Lo stesso destino di Ida, ex psicologa e mediatrice culturale che parla cinque lingue, oggi 59enne, rimasta anche lei senza lavoro. Dopo aver perso il figlio, racconta al ilFattoQuotidiano.it, si è ammalata per diversi anni, ha perso la casa dove viveva da oltre 30 ed è stata sfrattata. “Piano piano mi sono ripresa. Mi era però rimasto soltanto il reddito, ora me lo tolgono. Con la spesa mi hanno aiutata i volontari di Nonna Roma, ma con le medicine? Grazie al reddito le potevo acquistare, mi ero anche comprata gli occhiali da vista. Come farò a curarmi ancora?”.
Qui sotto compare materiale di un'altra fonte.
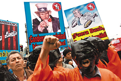 約1000人走上利馬市中心街頭示威,他們認為布什是全球經濟危機的始作俑者,大喊“布什滾蛋”。

Un destino, quello di Ida e Luciana, comune per circa 169mila nuclei familiari, 12mila nella provincia di Roma, la seconda (dopo Napoli, con 21mila) per numero di sussidi sospesi. Perché dopo lo smantellamento e la stretta voluta dal governo Meloni, la volontà di interrompere l’erogazione del Reddito per i cosiddetti “occupabili” a sette mesi si è già trasformata in realtà. Il reddito sarà ancora percepito soltanto dalle famiglie con minori, persone con disabilità o in carico ai servizi socio-sanitari, o persone di età pari o superiore ai 60 anni, come prevede la nuova normativa che dichiara appunto “occupabili” tutti gli altri poveri. Escludendoli dall’Assegno di inclusione al via dal prossimo primo gennaio. Così chi ad agosto perderà il reddito, da settembre potrà al massimo chiedere il Supporto per formazione e lavoro da 350 euro al mese per 12 mesi, non rinnovabili, per seguire corsi di formazione. Ma accedervi non sarà semplice, dato che l’Isee non dovrà superare i 6mila euro. Tradotto, servirà essere ancora più poveri dei poveri ai quali verrà concesso l’Assegno di inclusione (che prevede una soglia di 9360 euro), grazie ai componenti fragili del nucleo familiare. Con il rischio che in migliaia di famiglie restino alla fine senza alcun sostegno da parte dello Stato. E che l’unica speranza sia trovare qualche lavoro, quasi una chimera.
Intanto c’è già chi ha detto addio al reddito, a meno di non venir poi presi in carico dai servizi sociali del proprio Comune, dopo la valutazione degli stessi. Se dovessero ritenere la persona “non attivabile al lavoro“, inseriranno i dati nella piattaforma GePI, cioè quella per la gestione dei Patti per l’inclusione sociale (lo strumento per l’attuazione delle attività di competenza dei Comuni rivolte ai beneficiari del reddito di cittadinanza). Eppure, “la presa in carico da parte dei servizi sociali non è prevista per quei nuclei che presentano solo bisogni di tipo lavorativo, i cui componenti in età attiva sono stati indirizzati ai Centri per l’impiego”, si avverte già nelle faq del ministero.